● **About this task**
Using the records below, copy exactly the part that opens with the line holding "Cùng lúc này, xe" and closes with the line holding "OFFRE DE BOURSE", minus the pictures.

● **Data shown**
========================================

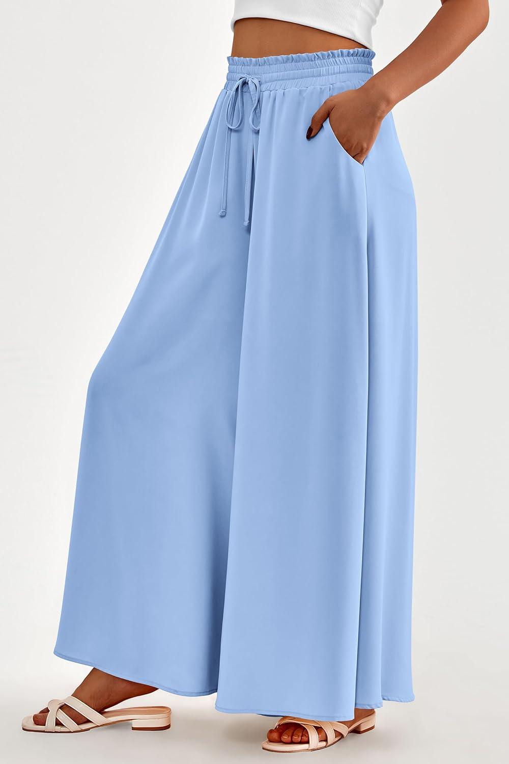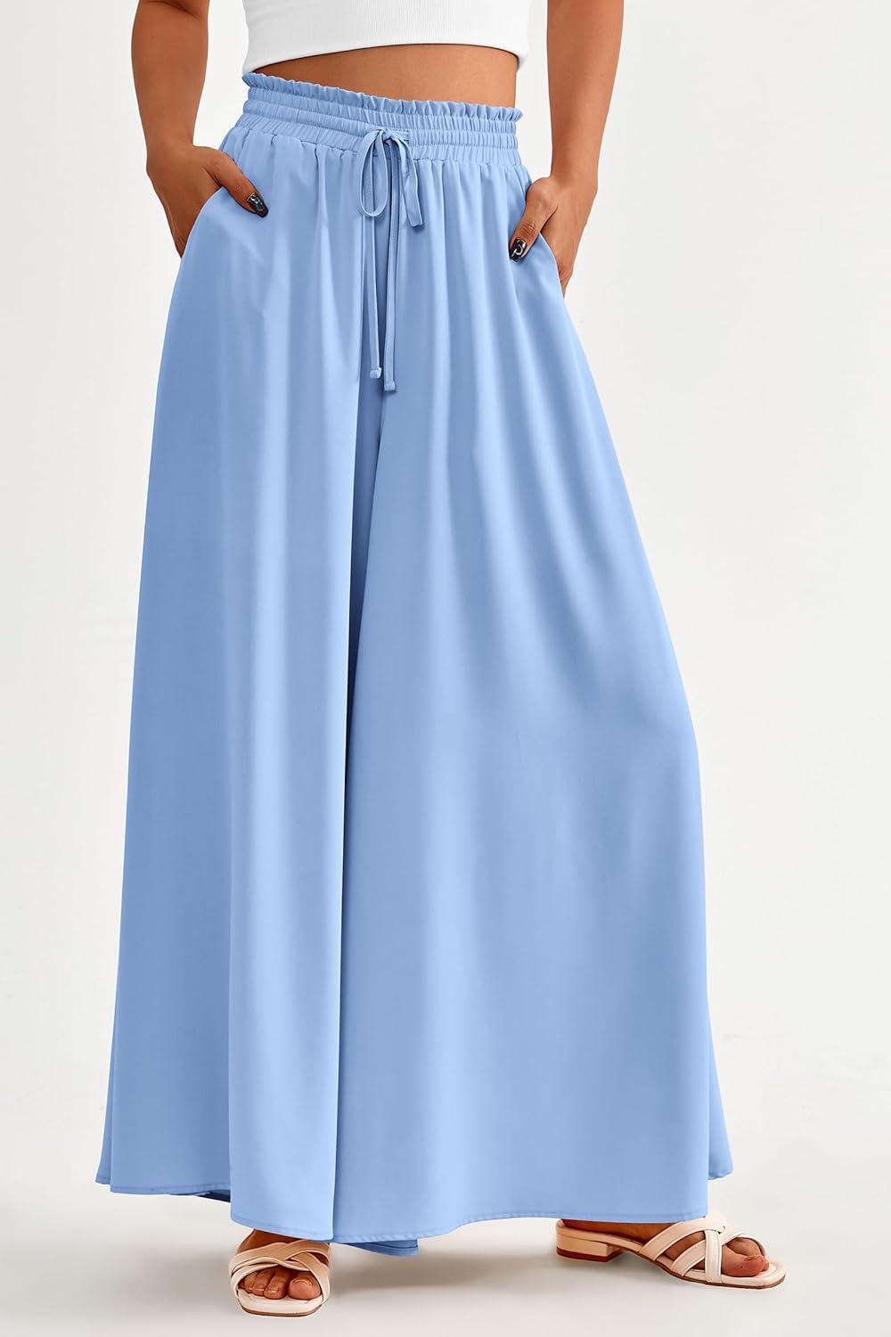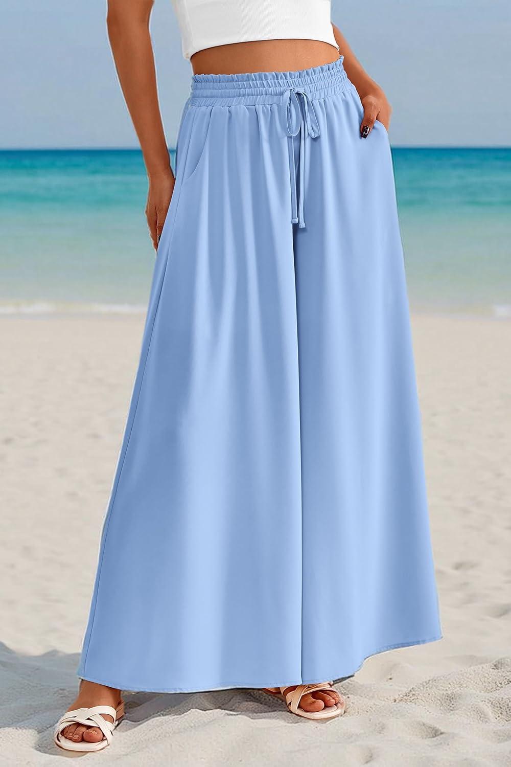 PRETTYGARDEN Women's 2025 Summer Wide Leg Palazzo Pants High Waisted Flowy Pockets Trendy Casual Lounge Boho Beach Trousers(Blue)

========================================

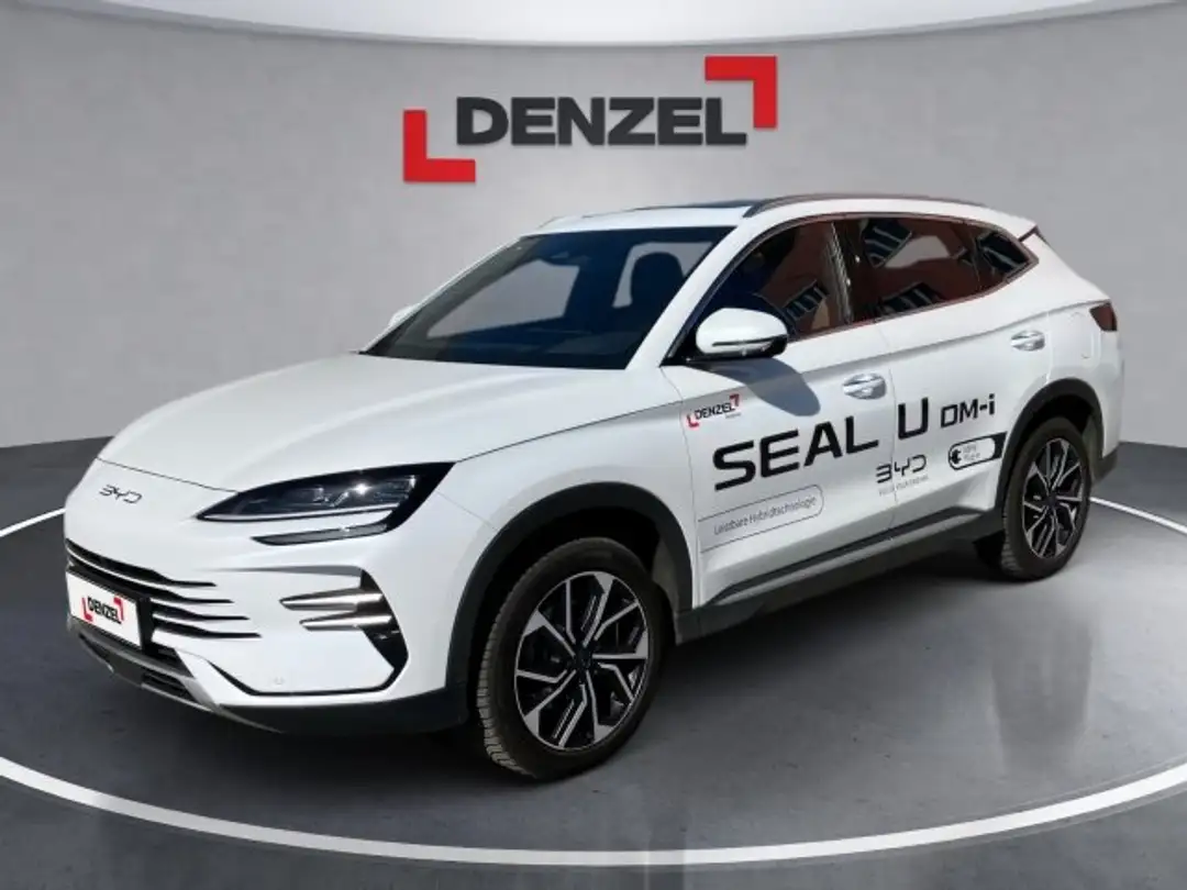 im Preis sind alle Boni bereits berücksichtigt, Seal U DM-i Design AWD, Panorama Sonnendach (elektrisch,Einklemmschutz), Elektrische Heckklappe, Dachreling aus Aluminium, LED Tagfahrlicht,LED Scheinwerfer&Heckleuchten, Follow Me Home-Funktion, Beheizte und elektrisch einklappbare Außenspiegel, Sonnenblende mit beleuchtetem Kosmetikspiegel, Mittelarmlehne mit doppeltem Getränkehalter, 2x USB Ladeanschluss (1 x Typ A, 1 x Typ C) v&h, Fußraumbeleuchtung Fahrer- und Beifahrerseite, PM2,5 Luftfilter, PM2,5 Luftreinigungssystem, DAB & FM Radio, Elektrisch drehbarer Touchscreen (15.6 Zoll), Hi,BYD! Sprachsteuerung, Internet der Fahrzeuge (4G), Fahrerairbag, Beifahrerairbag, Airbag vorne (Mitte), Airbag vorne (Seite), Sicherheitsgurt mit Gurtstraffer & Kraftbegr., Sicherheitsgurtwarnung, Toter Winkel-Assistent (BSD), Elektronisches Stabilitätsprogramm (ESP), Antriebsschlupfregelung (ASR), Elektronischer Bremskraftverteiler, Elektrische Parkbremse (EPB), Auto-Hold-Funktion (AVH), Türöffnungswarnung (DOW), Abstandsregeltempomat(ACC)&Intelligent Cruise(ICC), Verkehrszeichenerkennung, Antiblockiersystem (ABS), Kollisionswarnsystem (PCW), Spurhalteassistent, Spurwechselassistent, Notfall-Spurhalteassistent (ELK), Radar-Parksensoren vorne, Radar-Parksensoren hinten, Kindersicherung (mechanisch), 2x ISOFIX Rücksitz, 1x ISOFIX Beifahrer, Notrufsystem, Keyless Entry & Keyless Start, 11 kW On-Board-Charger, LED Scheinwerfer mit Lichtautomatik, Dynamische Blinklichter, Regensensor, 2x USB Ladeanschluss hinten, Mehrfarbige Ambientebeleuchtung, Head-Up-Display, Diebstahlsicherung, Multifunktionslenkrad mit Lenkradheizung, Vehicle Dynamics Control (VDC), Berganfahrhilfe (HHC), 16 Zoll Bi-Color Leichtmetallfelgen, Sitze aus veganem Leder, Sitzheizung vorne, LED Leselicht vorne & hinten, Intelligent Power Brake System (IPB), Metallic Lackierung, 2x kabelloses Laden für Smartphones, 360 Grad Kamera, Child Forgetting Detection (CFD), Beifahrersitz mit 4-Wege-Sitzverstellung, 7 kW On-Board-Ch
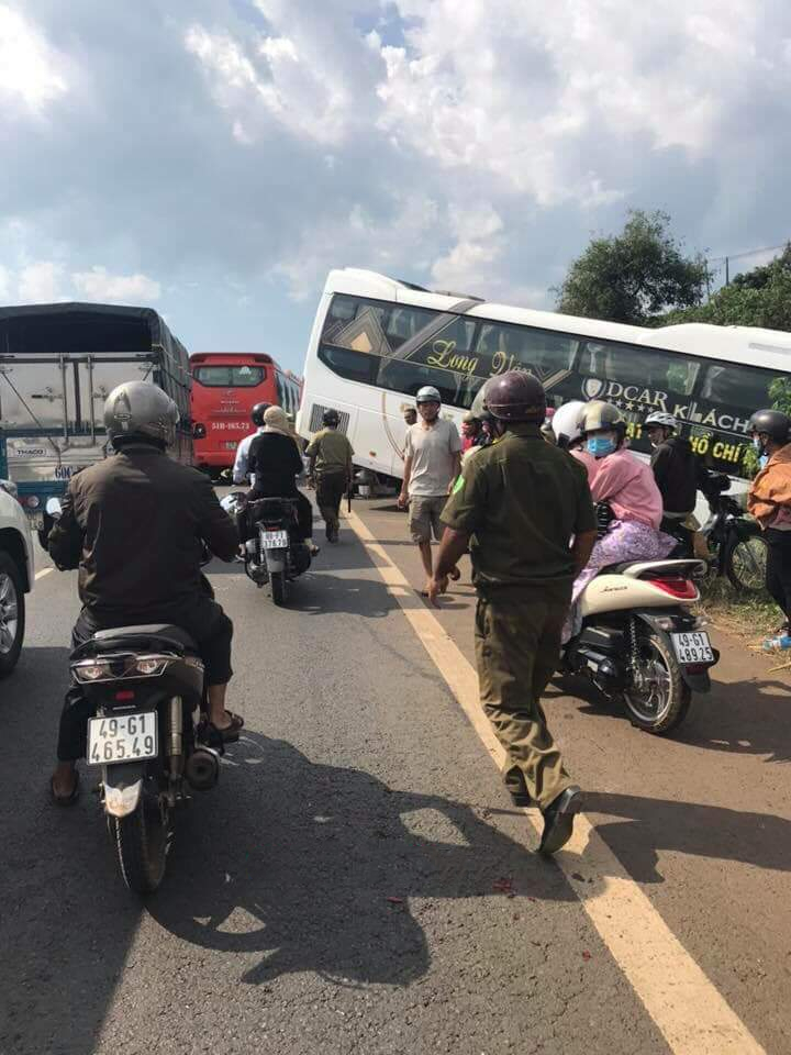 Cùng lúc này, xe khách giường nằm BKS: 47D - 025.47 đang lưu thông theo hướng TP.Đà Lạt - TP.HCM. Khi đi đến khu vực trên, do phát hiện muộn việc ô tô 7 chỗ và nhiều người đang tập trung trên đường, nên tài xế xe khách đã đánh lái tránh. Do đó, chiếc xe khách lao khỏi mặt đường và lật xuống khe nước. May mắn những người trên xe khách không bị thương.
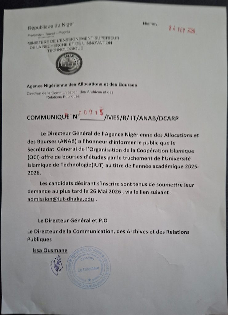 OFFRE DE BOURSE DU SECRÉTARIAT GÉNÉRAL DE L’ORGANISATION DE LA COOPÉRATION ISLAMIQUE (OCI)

========================================

● **Exercise result**
 Cùng lúc này, xe khách giường nằm BKS: 47D - 025.47 đang lưu thông theo hướng TP.Đà Lạt - TP.HCM. Khi đi đến khu vực trên, do phát hiện muộn việc ô tô 7 chỗ và nhiều người đang tập trung trên đường, nên tài xế xe khách đã đánh lái tránh. Do đó, chiếc xe khách lao khỏi mặt đường và lật xuống khe nước. May mắn những người trên xe khách không bị thương.
 OFFRE DE BOURSE DU SECRÉTARIAT GÉNÉRAL DE L’ORGANISATION DE LA COOPÉRATION ISLAMIQUE (OCI)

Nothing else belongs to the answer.